Frege: [Preface, Grundgesetze]
If we want to emerge from subjectivism at all, we must conceive of
knowledge as an activity that does not create what it knows, but
grasps what is already there. 64
two types of failures in fitness:
a) when objects referred to by the elements do not fit, e.g. 'barren
women's child'
b) when the objects may fit in a possible world, but not in actuality,
e.g. someone says 'there is a snake in the next room' when I know
there is none.
mImAMsaka: trustworthiness of speaker a causal factor necessary for knowledge. Does not consider (non-scriptural) utterance as a separate form of knowledge Nyaya: so long as the three causal factors are present, even testimony by a compulsive liar may give rise to a belief with knowlege-claim in the hearer (at the first leve, knowledge simpliciter). But simultaneously or in the next moment this will be undermined by strong doubt about its knowledgehood (apramANya-saMshayAskandita). This would take place at a second level. 67 Nyaya view: (non-scriptural) utterance is a special form of knowledge - is not the same as Perceptual knowledge because: Gangesha: a yogyata claim may not be really fulfilled - because we know of only positive exemplars, and we cannot reject it unless we have an instance where it is not true. uncertainty in the causal factors or indicator reason (liMga) cannot constitute a basis for inference. 68 Doubts about the trustworthiness of the speaker cannot at the first instant stop the occurrence of the knowledge-claim, but paradoxically, helps to generate such knowledge. ... doubt is the psychological factor for inference to arise, (saMshaya-pakShatA) JagadIsha: [DIFF WITH PERCEPTION] consider a perceptual situation where a cat is sitting on a mat. The object-complex creating perceptual awareness has a 'neutral' structure. different verbal expressions of the perceptual knowledge reveal different structures: 'the cat is on the mat' vs 'the mat is under the cat'. [in the first, it is the cat that is qualified by...] These would give rise to different knowledge-episodes.
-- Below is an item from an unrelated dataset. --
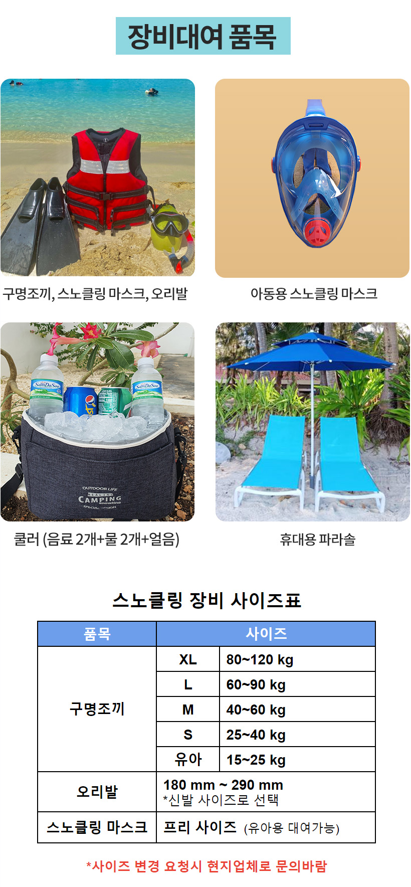 - 해당 옵션을 진행하는 안전 장비 (구명조끼)를 반드시 착용하며 안전요원의 보호 없이 바다 뛰어드는 행위 금지 합니다.

occurrent true belief or knowledge simpliciter, vs knowledge of that
knowledge - two levels = involving distinct knowledge-episodes and diff
sets of causal factors.
Gangesha: Any true belief is knowledge, i.e. knowledge simpliciter.
The q of justification arises, in this view, only at the second
level when one tries to ascertain the knowledgehood of the acquired
belief. According to Nyaya, to know and to know that one knows are
two distinct events, caused by two distinct sets of causal
conditions. The second-level knowledge, i.e. to know that one
knows p, is usually a sort of implicit inference which immediately
follows the episode of knowledge simpliciter.
The basis for this inference will be an evidence, and this takes
the role of the so-called justification.
Hence, in most Gettier cases, where a true belief has been acquired
but through the wrong route, it may be regarded as knowledge
simpliciter on this view. This seems to go against general accepted
Western 'linguistic' insight, according to which the 'Gettier'
examples are regarded as counter-examples, i.e. non-knowledge,
although they are true beliefs and happen to have some justification.
In the particular Navya Nyaya view, in the case of knowledge by
testimony, if all the necessary causal factors co-operate and no
inhibiting factors are present then there will arise true belief,
i.e. knowledge, in the hearer in all such cases, though at the very
next moment, when the hearer is about to embark upon the venture of
knowing whether he knows p, doubt will infect the attitude and
destroy the previous lack of uncertainty. Lack of uncertainty is
constitutive of the previous attitude of true belief (and hence it
was claimed to be 'knowledge' or pramA).
Udayana said (NTP) that we all have a strong natural disposition (cf:
samutkata-vAsanA) to believe truly, i.e. to have knowledge, so our
first gut reaction is not to look for falsifiers. (Compare it with,
not gullibility, but the Davidson-like point that 'believes truly' is
generally implicated by 'believes' D 75,66).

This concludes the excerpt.